Backblaze data has no possible relevance to consumer drives in a consumer environment. THG "exposed" this fallacy in an article a year or two ago.
Backblaze rents storage and to make money, they buy / create arrays in the cheapest ways possible.
1. They buy the cheapest low budget stuff on the market
2. They literally had the drives mounted in loose racks with the HDs held in place by rubber bands.
3. The used consumer drives in a server environment. This is like using racing slicks to climb roads in the rocky mountains during a blizzard.
Consumer drives are equipped with a feature called "head parking" which returns the drive head to a parked position so that routine vibrations and desk bumps, don't cause the head to crash into the platter. Servers farms are built ... well not Backblaze's .... on heavy concrete foundations that can not transmit vibration. Therefore server class drives do not need have this feature
It would vastly reduce their performance moving the head away from the data as servers are constantly retrieving or writing data. So a mechanical drive may have the same internal construction, with firmware or other variations that make it better for a particular usage.
That "head parking" feature that is oh so valuable in a consumer environment, is actually a detriment in a server environment. HDs are typically rated for 250 - 500k parking cycles and a server drive can go thru that in 3 months ... big surprise why they don't last. Might as well order soup with a fork and then complain it's difficult to eat.
If you want to determine what to use in a home or office, then the relevant data to peruse would be be how many consumer drives used in a consumer HDs are RMAd. That data is readily available.
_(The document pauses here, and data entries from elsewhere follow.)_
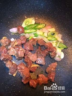 锅中留底油,放入洋葱、青椒、蒜瓣,呛香加入牛肉大火爆炒,变色后改真中小火。
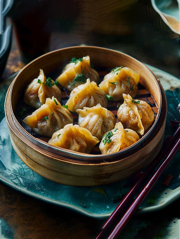Spicy vegetable basil dim sum features tender, steamed dumplings filled with spicy veggies and aromatic basil.
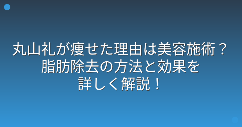 丸山礼が痩せた理由は美容施術?脂肪除去の方法と効果を詳しく解説!
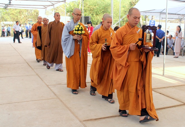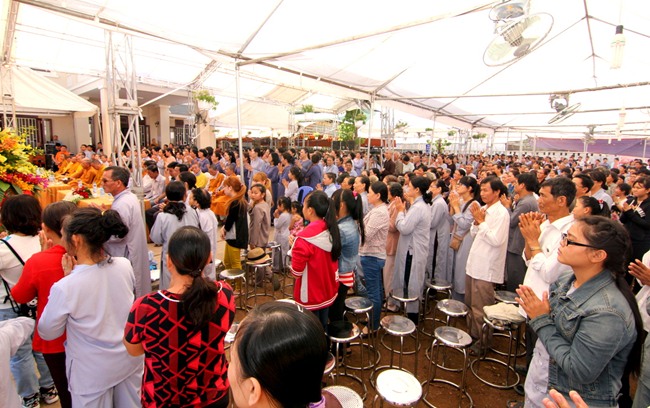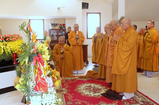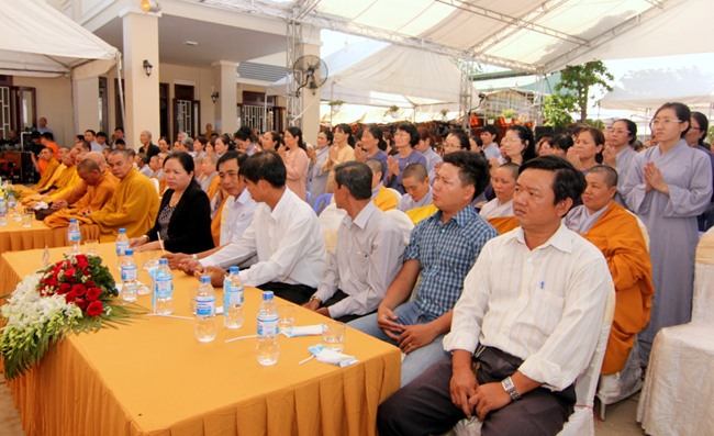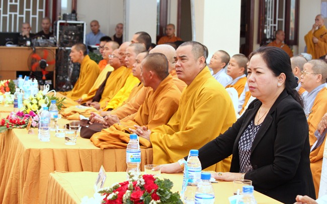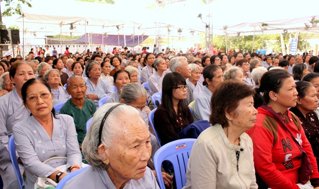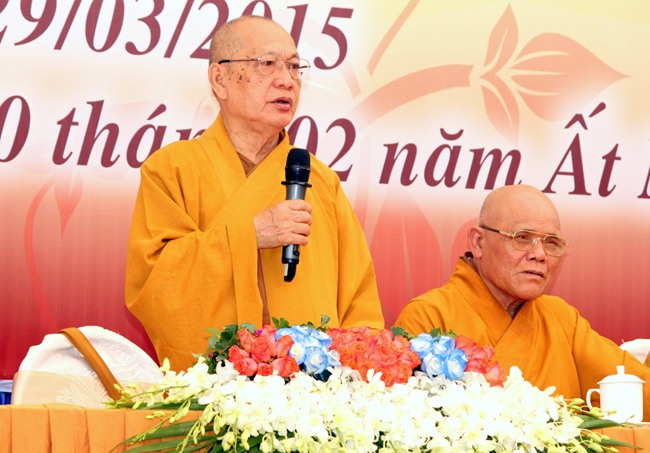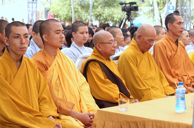 Sau lời phát biểu của phật tử, toàn thể đạo tràng đã cung kính lắng nghe đạo từ của HT Thích Thiện Tánh – Phó Chủ tịch HĐTS T.Ư GHPGVN. Từng lời dạy của Hòa thượng hết sức chân thành, cảm động, xúc tích, đủ nghĩa trong từng câu, từng lời. Hòa thượng vừa khuyến tấn bên này, vừa nhắc nhở bên kia, tạo thành mối quan hệ bền vững giữa Phật giáo và Chính quyền trong việc làm lợi ích cho con người, cho chúng sinh.
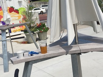 ペダルハウスさん、このパラソル開いてくれました、日蔭ができます
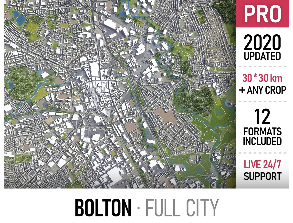 - Full city extents up to 100 x 100 km — or crop to an area of interest for better format compability and scene performance

Each set of numbers is the data recorded for drives RMA'd that were between 6 and 12 months of age, followed by the data for the previous 6 months in parenthesis
http://www.hardware.fr/articles/954-6/disques-durs.html
2017/12/09 reporting period
Seagate 0,72% (contre 0,69%)
Toshiba 0,80% (contre 1,15%)
Western 1,04% (contre 1,03%)
HGST 1,13% (contre 0,60%)
2016/05/13 reporting period
HGST 0,60% (contre 0,81%)
Seagate 0,69% (contre 0,60%)
Western 1,00% (contre 0,90%)
Toshiba 1,15% (contre 0,96%)
2015/11/09 reporting period
- Seagate 0,60% (contre 0,68%)
- HGST 0,81% (contre 1,16%)
- Western 0,90% (contre 1,09%)
- Toshiba 0,96% (contre 1,34%)
2015/05/19 reporting period
- Seagate 0,68% (contre 0,69%)
- Western 1,09% (contre 0,93%)
- HGST 1,16% (contre 1,01%)
- Toshiba 1,34% (contre 1,29%)
2014/11/06 reporting period
- Seagate 0,69% (contre 0,86%)
- Western 0,93 (contre 1,13%)
- HGST 1,01% (contre 1,08%)
- Toshiba 1,29% (contre 1,02%)
2014/04/30 reporting period
- Seagate 0,86% (contre 0,95%)
- Toshiba 1,02% (contre 1,54%)
- Hitachi 1,08% (contre 1,16%)
- Western 1,13% (contre 1,19%)
Now all of the above being what it is, I caution against EVER, for any component, relying on brand names for evaluation. Whether it be PSUs, MoBos, GFX cards or anything else, just about every manufacturer has made some great products and some real bombers. You should therefore peruse the data on individual drives and avid the models with high failure rates rather than focusing on brand names.
However, as the above "real market data" shows, the Backblaze study is in no way relevant to your task. Might as well read a study that says "the plastic forks we bought are no good to eat soup".